Some of your neighbors hope you didn't stick them in the sand, or for that matter, toss them in the bay.
"We love our beach," said Carol Curtiss, who came out last week to pick up trash off Picnic Island Beach. "We love our picnic area. We want to keep it nice."
Curtiss was one of more than 50 volunteers who picked up about a ton of trash at Picnic Island Park the morning after the July Fourth holiday.
Thirteen-year-old David Escobio came with a group from Camp Bayshore, run by Bayshore Christian School.
"We found bottles, cans, napkins, plastic bags and pieces of fireworks," he said. He doesn't litter, he said, and he doesn't plan to either, after cleaning up after others. "I'll think about it even more."

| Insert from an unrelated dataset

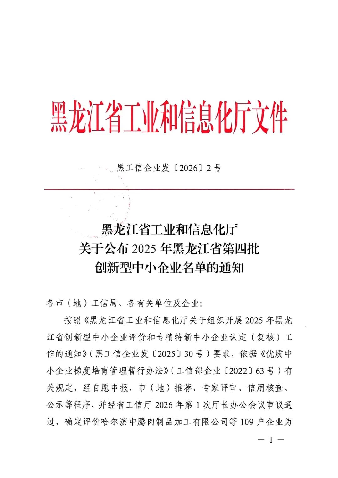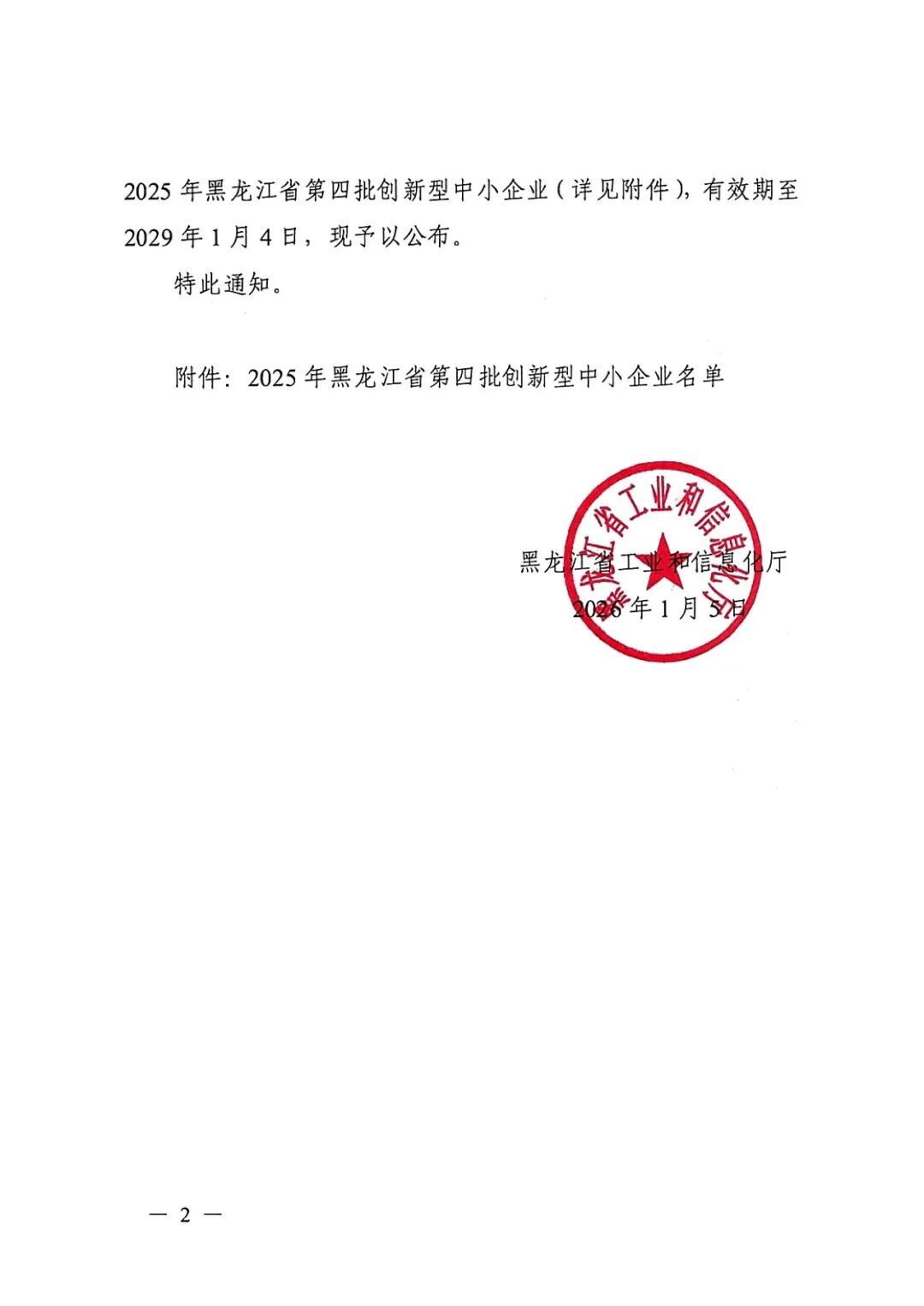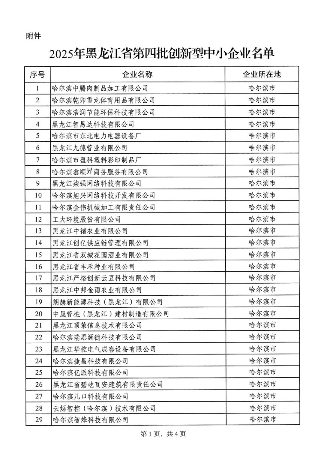 關于公布2025年黑龍江省第四批創新型中小企業名單的通知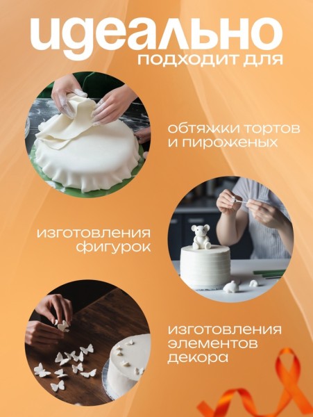 Способ применения: Перед использованием необходимое количество мастики рекомендуется размять до получения мягкой пластичной консистенции на сухой, слегка подпыленной сахарной пудрой поверхности. Данная мастика легко окрашивается всеми видами пищевых красителей на любой основе и со всеми видами паст для моделирования и обтяжки.

At Ben T. Davis Beach along the Courtney Campbell Parkway, 30 volunteers picked up about 4 tons of trash, said Andy Lutton, executive director of the Mayor's Beautification Program. That was about the norm compared with past years, when junior lifeguards have shouldered the cleanup burden. This year, the nonprofit program recruited volunteers to lend a hand. They plan to make it an annual cleanup event.
Fireworks remnants can be a fire hazard if placed in trash cans too soon.
But if not picked up quickly from shores, they float out to sea, where they contaminate water and choke fish.